Commented by fanseab at 2014-12-29 21:07 x
himeooさん、仰る通り、蛾の世界は魑魅魍魎と言うか、足を踏み入れると泥沼の世界ですので、小生は極限られた種のみ撮影対象にしております。スズメガ類は比較的親しみを覚えるので、今回飼育を試みてみました。

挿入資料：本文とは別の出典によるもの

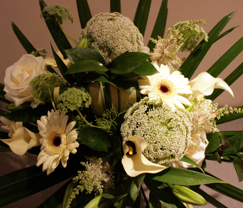 Hand tied arrangement incorporating Gerberas and Calla Lilies along with white Lilies and frothy fillers

食草の確保とか、蝶とは異なる知見が必要で苦労しますね。
Commented by Sippo5655 at 2014-12-29 21:51
なんかこの子に似た幼虫、見たことあるような、、

黒いしっぽは、何のため!?

先日、大きな葉っぱの中心に、

こんな形状の白っぽい幼虫が3匹くらいいました。

あれも、ホウジャクなのかなあ。

なんか、茶色のしっぽつけてました。
そのしっぽが、ねずみみたいだなあって。
Commented by fanseab at 2014-12-31 09:55 x
Sippo5655さん、スズメガ類の幼虫はフィールドで結構みかけますよね。しっぽ(尾角)は外敵を威嚇するためにあるのでしょうかね?この尾角の色と形(先端までまっすぐ伸びているか、曲がっているか)がスズメガ類幼虫の同定のヒントになります。
「ねずみみたいなしっぽ」が重要なヒントになるかもしれません。